As President Obama gets set to meet with Congressional members today regarding the fiscal sanity of the country, we get some pretty good color commentary from White House pool reporters.

Just as President Obama spent his anniversary debating with presidential candidate Mitt Romney, we find that House speaker John Boehner is spending his birthday duling it out with President Obama.


The president's remarks come from pool reporter, Amy Gardner of The Washington Post.

PRESIDENT OBAMA:  "I want to welcome the Congressional leadership here and thank them for their time. I think we're all aware that we have some urgent business to do. We've got to make sure that taxes don't go up on middle class families, that our economy remains strong."

"That's an agenda that Democrats and Republicans and independents, people all across the country share. So our challenge is to make sure that we are able to cooperate together work together find some common ground, make some tough compromises build some consensus to do the people's business."
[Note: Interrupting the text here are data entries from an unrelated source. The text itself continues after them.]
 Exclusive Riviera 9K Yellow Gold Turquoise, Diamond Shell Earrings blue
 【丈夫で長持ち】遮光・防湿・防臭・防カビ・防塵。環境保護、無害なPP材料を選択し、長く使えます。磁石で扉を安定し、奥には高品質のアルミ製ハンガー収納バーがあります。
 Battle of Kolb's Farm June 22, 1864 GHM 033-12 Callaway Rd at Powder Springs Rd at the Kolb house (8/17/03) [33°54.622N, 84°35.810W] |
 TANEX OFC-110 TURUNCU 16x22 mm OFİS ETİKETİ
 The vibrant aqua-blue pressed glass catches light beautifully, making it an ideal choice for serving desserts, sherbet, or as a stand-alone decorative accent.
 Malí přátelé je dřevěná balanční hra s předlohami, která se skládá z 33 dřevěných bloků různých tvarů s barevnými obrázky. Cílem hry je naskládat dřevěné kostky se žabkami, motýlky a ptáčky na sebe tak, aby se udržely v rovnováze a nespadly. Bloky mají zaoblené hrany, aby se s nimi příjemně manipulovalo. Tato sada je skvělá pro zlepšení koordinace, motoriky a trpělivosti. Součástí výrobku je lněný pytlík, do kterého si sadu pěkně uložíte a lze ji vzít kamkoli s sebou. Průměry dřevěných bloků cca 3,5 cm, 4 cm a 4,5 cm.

The president said folks are looking for "action."

"They want to see that we are focused on them not on the politics here in Washington. My hope is this is going to be the beginning of a fruitful process that we're able to come to agreement that will reduce our deficit in a balanced way, that we will deal with some of these long-term impediments to growth and we're also going to be focusing on making sure that middle class families are able to get ahead.""And with that we're going to get to work."
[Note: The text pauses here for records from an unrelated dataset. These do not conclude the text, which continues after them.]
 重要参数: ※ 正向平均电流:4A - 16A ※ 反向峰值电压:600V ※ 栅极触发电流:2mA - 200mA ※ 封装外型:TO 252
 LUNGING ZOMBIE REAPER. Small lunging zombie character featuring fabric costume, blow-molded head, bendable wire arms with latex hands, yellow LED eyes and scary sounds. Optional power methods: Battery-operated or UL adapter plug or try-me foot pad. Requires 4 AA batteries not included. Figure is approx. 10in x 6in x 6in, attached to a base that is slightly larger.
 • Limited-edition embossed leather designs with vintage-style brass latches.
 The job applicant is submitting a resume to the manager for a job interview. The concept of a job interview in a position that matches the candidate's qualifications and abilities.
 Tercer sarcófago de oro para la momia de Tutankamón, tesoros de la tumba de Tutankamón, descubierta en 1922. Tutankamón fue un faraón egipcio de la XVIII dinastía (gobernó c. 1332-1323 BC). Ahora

In his first news conference since being re-elected, President Obama told reporters Tuesday that Americans cannont afford tax cuts for millionaires.

"And what I have told leaders privately as well as publicly is that we cannot afford to extend the Bush tax cuts for the wealthy.  What we can do is make sure that middle-class taxes don’t go up.    I think the foundation for a deal that helps the economy, creates jobs, gives consumers certainty, which means gives businesses confidence that they're going to have consumers during the holiday season -- is if we right away say 98 percent of Americans are not going to see their taxes go up; 97 percent of small businesses are not going to see their taxes go up.   If we get that in place, we are actually removing half of the fiscal cliff". 
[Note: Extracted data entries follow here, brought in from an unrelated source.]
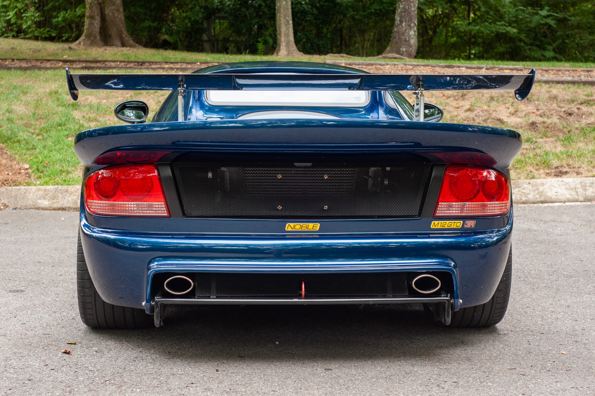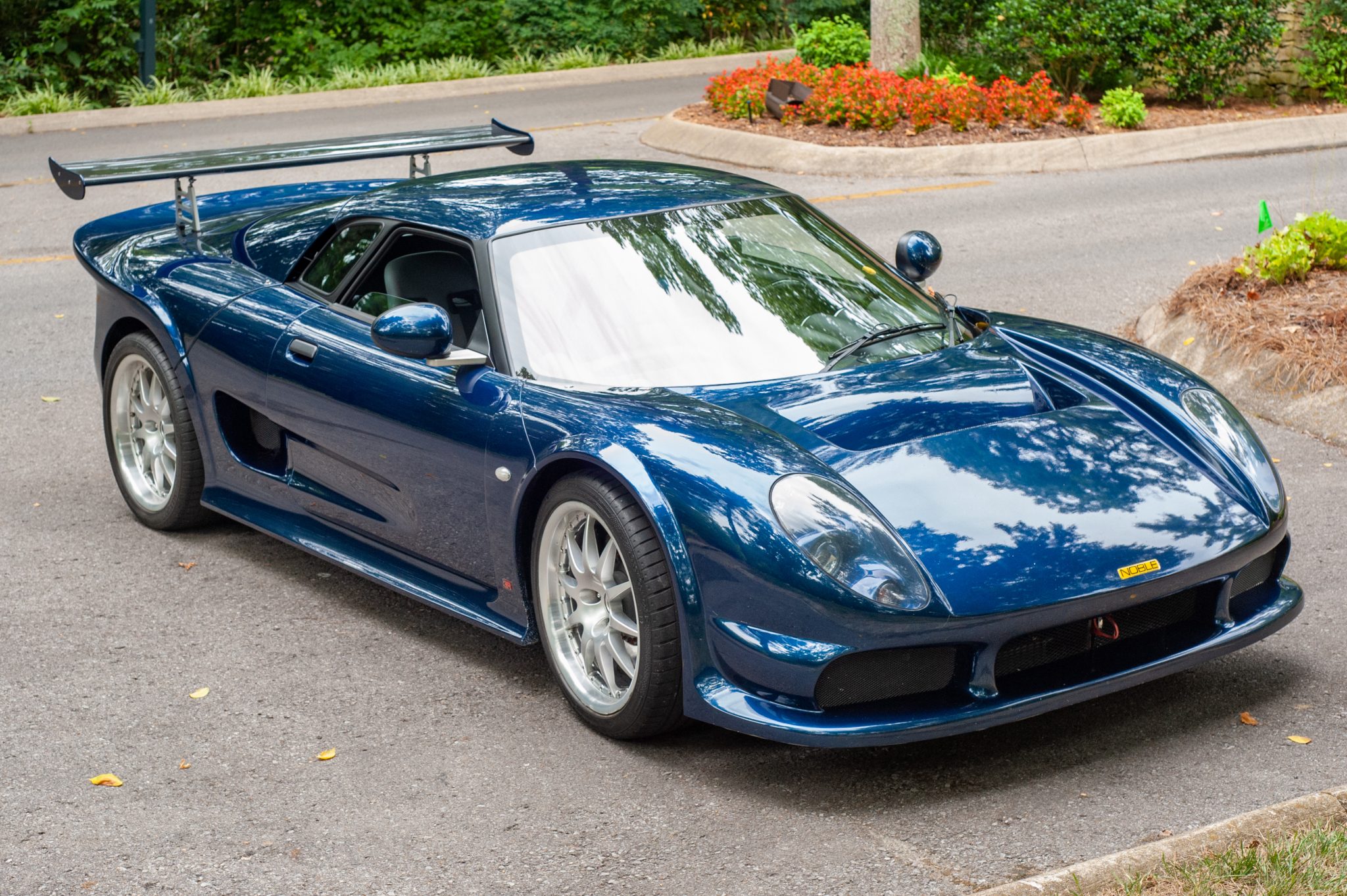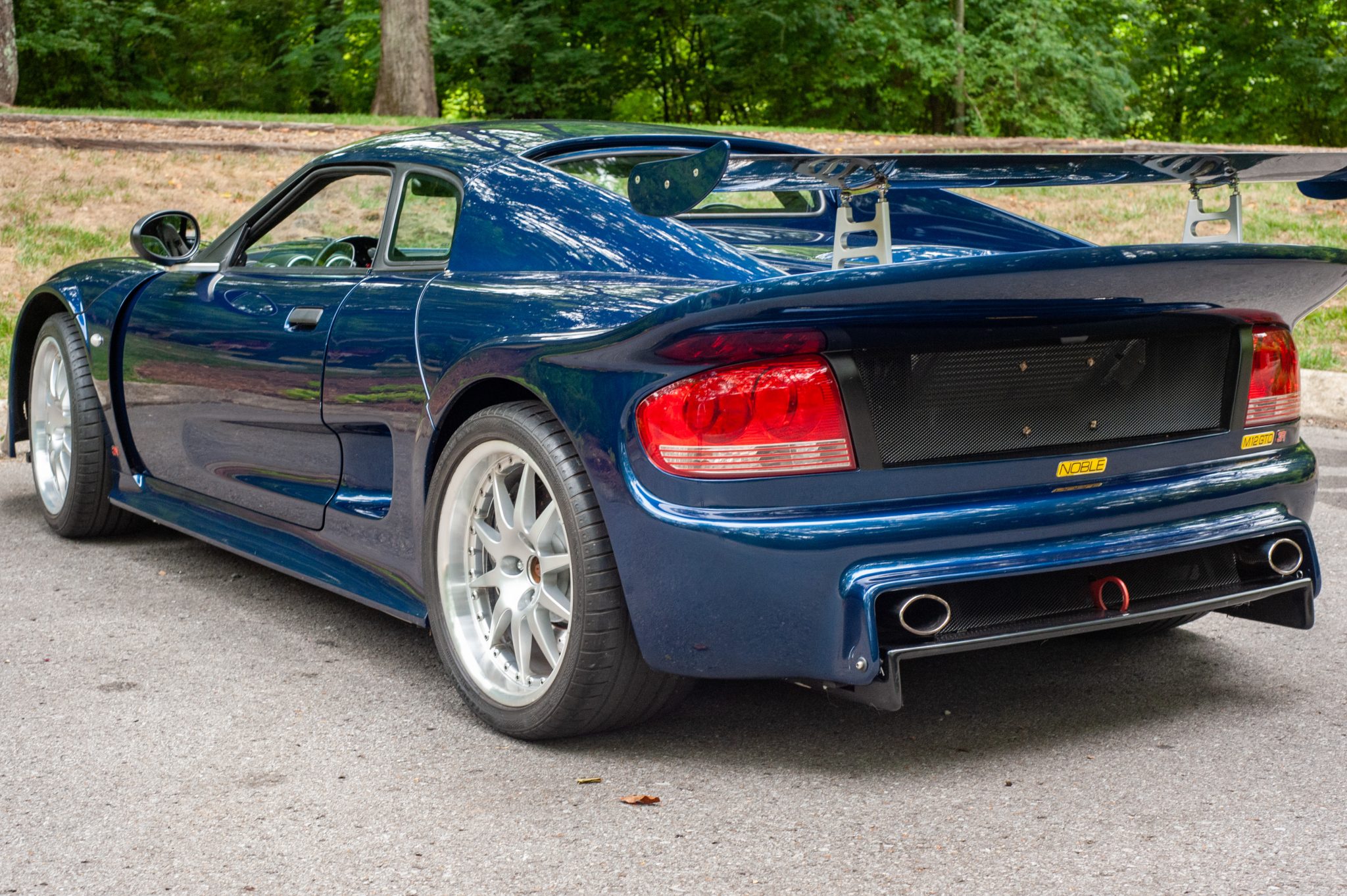 Staggered-width 18″ wheels wear Continental SportContact 2 tires showing 2005 date codes. Braking is from Noble-branded calipers over slotted rotors at the front and cross-drilled rotors at the rear. The brake fluid was serviced in September 2022. A spare set of four wheels wrapped in Hoosier R6 racing tires is included in the sale.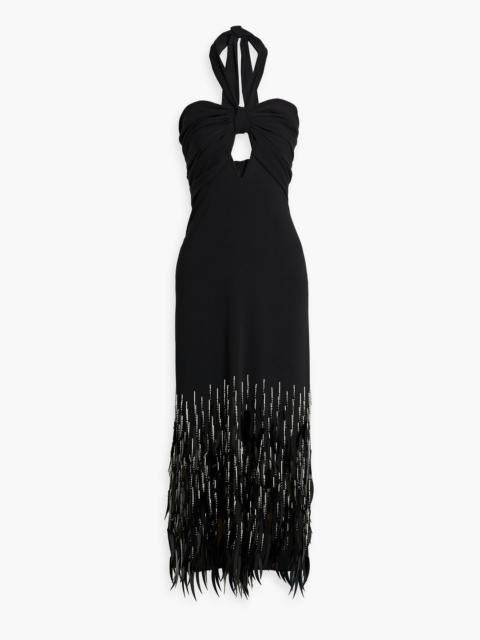 Fiesta Costera embellished crepe halterneck midi dress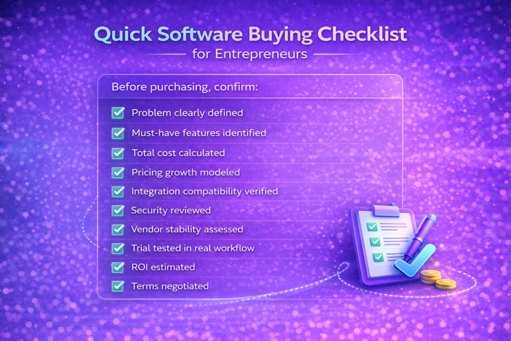 This guide provides a structured software buying checklist for entrepreneurs to prevent costly mistakes and improve ROI on every software investment.

On a cheerier note to what will sure be the opposite as the two sides meet again of this issue, the president wished Speaker Boehner a happy 63rd birthday.

"I have one more announcement to make today, which is to wish the Speaker a happy birthday. We didn't make him a cake because we didn't know how many candles we'd need."

The two laughed and shook hands, and Boehner said, "Yeah, right."

--

Congressional leaders in attendance included Secretary Tim Geithner, Speaker Boehner, The President Majority Leader Harry Reid, Chief of Staff Jack Lew, House Leader Nancy Pelosi, The Vice President Minority Leader Mitch McConnell, and National Economic Council Director Gene Sperling.